The reason I ask is that initially I'd think that there isn't much we can win with lazily loading the snapshot log because each log entry is just 2 longs. So basically with thousands of snapshots we still are in the low kilobytes territory in terms of memory usage. Above that amount of snapshots you're doomed anyway :)

@grantatspothero
Copy link
Copy Markdown
Contributor Author

grantatspothero commented May 4, 2026

Our problem was excessive memory usage due to caching TableMetadata on the client side.

Storing a List<HistoryEntry> in memory is fine for small numbers of snapshots, but each entry takes ~32 bytes and this grows quickly when you have a single coordinator service caching iceberg metadata in memory.

Example:

  • 1000 table metadata cached in memory
  • each table commits every 30s, with 30 days of snapshot retention = 2*60*24*30 ~100K snapshots in iceberg metadata
  • 32 bytes * 100K = 3.2 MB snapshotLog per table
  • 3.2MB/table * 1000 tables = 32GB

Note: this is "resident set size" not "total allocations" which tends to be significantly higher due to intermediate allocations of parsing JSON.

For multi-tenant coordinator services (eg: query engines, cache services) this memory usage is a problem. The biggest memory hog is by far the snapshots array, but snapshotLog is the next biggest. Since iceberg already defers snapshots, it seemed reasonable to defer snapshotLog.

@grantatspothero
Copy link
Copy Markdown
Contributor Author

grantatspothero commented May 4, 2026

Above that amount of snapshots you're doomed anyway :)

It is becoming more common to have large numbers of snapshots in iceberg due to prevalence of streaming ingestion/low latency commits.

See mailing list discussions: https://www.mail-archive.com/dev@iceberg.apache.org/msg12764.html
Examples: kafka-connect iceberg sink, Confluent Tableflow, Starburst streaming ingestion.

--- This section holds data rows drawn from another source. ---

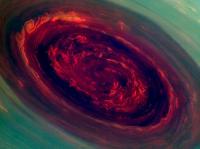 Around and around goes Saturns north polar storm as fast as 330 miles per hour (150 meters per second). This striking red photograph of the 1,250 mile wide(2,000 kilometer) storm is a false color image from NASAs Cassini spacecraft taken in November 2012. No one knows how long Saturns north polar storm has been spinning, according to NASA. Saturn periodically sports Great White Spots thousands of kilometers wide. These white cloud storms are sometimes visible by telescope on Earth.
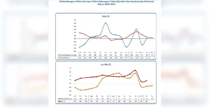 ZONASULTRA.COM, KENDARI – Badan Pusat Statistik (BPS) Provinsi Sulawesi Tenggara (Sultra) merilis inflasi gabungan dua kota Index Harga Konsumen (IHK) di Sultra Sebesar 0,07 persen. Terlihat, Selama Maret 2021 inflasi terjadi di Kota Kendari.
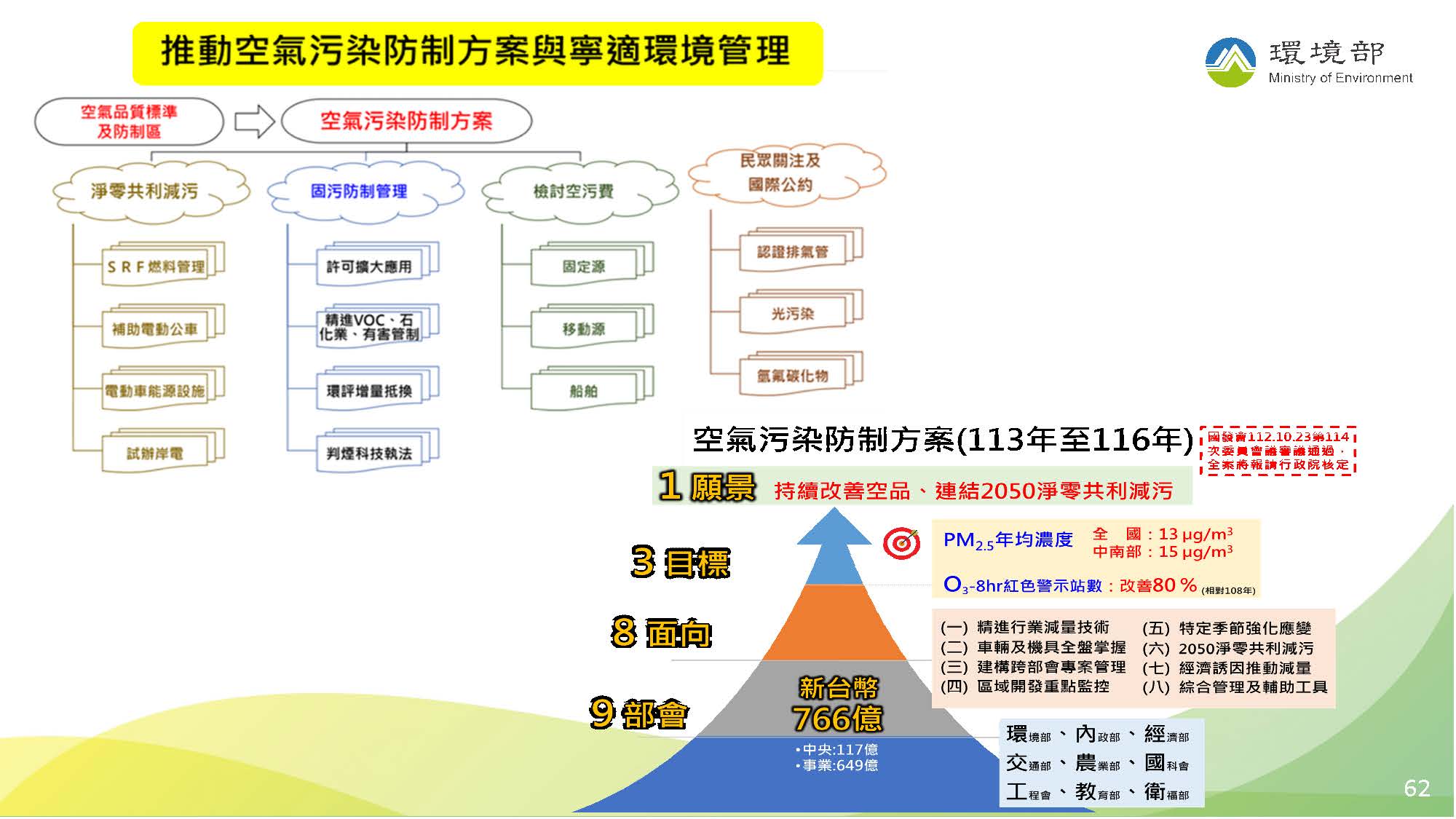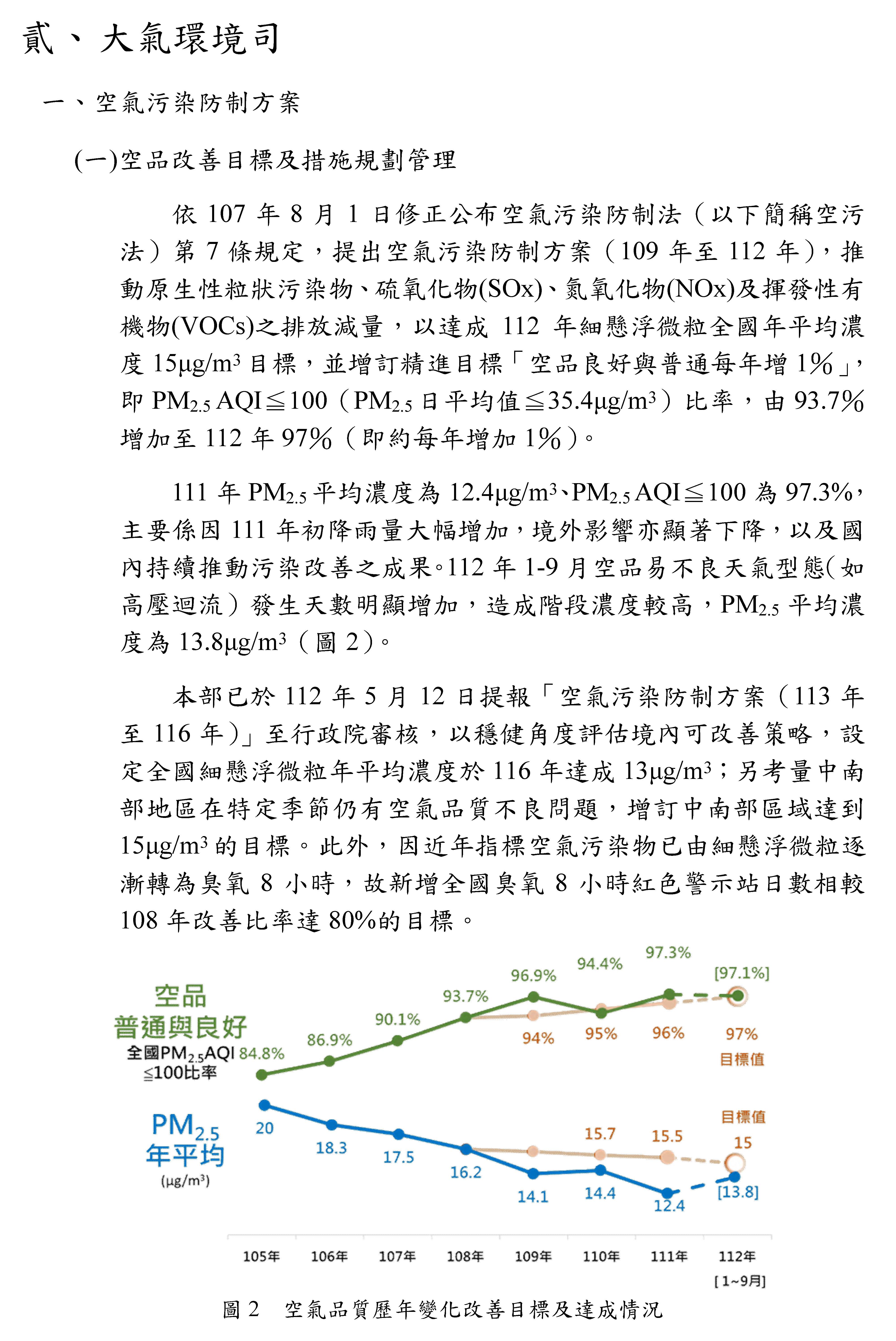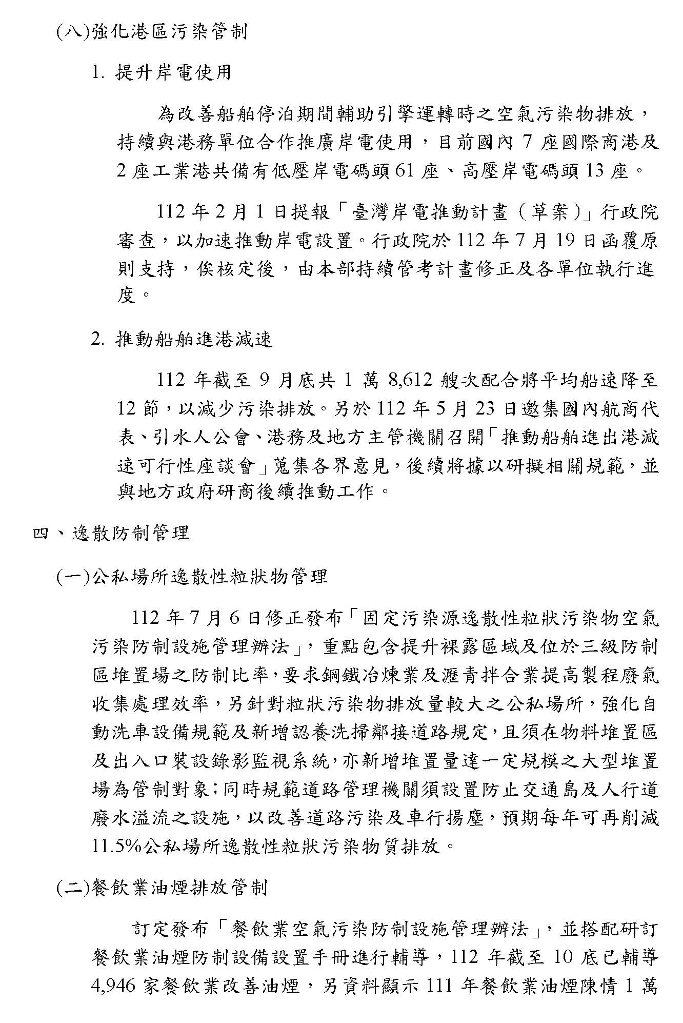 薛部長富盛:我跟委員報告,事實上大氣司在季節轉換或者天氣要變的時候,都會把未來三天所預測的空氣品質在線上即時告知全國民眾。同時我們在109年就開始啟動,只要是因為外在因素的影響,我們就會要求台電,特別是臺中火力發電廠以及六輕,事實上他們會降載,燃煤的部分就會降低,所以用這個方式來彌補可能造成的……

This doesn't solve the full problem mentioned in that mailing list thread (writes still pay the full cost of writing snapshots/snapshotLog), but it does solve the problem for readers. And for query engine/caching usecases, reads >> writes so this could be beneficial.

Previously only lazily loaded snapshots
@grantatspothero grantatspothero marked this pull request as ready for review May 4, 2026 22:03
@gaborkaszab
Copy link
Copy Markdown
Contributor

Thanks you for the explanation, @grantatspothero !
I feel that ~100k snapshot tables are at the very extreme end of use-cases. I'm wondering if the table is changed every 30sec, then is there any point storing it in a cache. We'd need to reload it frequently anyway.
I wanted to advise you to reach out to the dev@ list to see wider community feedback on this. I see you've already done so, thanks!

I can take a look at the code, if the improvement is simple enough, I don't see why not to include. If it's messy or complicated, we might need some community support to get it through.

@grantatspothero
Copy link
Copy Markdown
Contributor Author

grantatspothero commented May 5, 2026

I'm wondering if the table is changed every 30sec, then is there any point storing it in a cache.

Two different definitions of cache:

  1. "Within query metadata caching". Within a single query's lifetime, TableMetadata must live in coordinator memory. Queries are usually short but sometimes can take hours, wasting coordinator memory for hours for long running queries. This wasted memory is exacerbated by: # of concurrent queries and # of tables per query. Compare this to the hive table model where coordinator memory is mostly bounded.
  2. "Cross-query metadata caching". I believe this is what you are talking about. Trino does not support cross-query table metadata caching today, but some engines do and have problems. With a cross-query cache it is difficult to control caching at a fine granularity. "Cache these long lived table metadatas but not these constantly changing ones"

@gaborkaszab
Copy link
Copy Markdown
Contributor

Thanks again for the explanation @grantatspothero !
Let's see if @amogh-jahagirdar also chimes in as said on the dev@ list. I'm not saying that this enhancement is not needed but would be great to see wider community consensus.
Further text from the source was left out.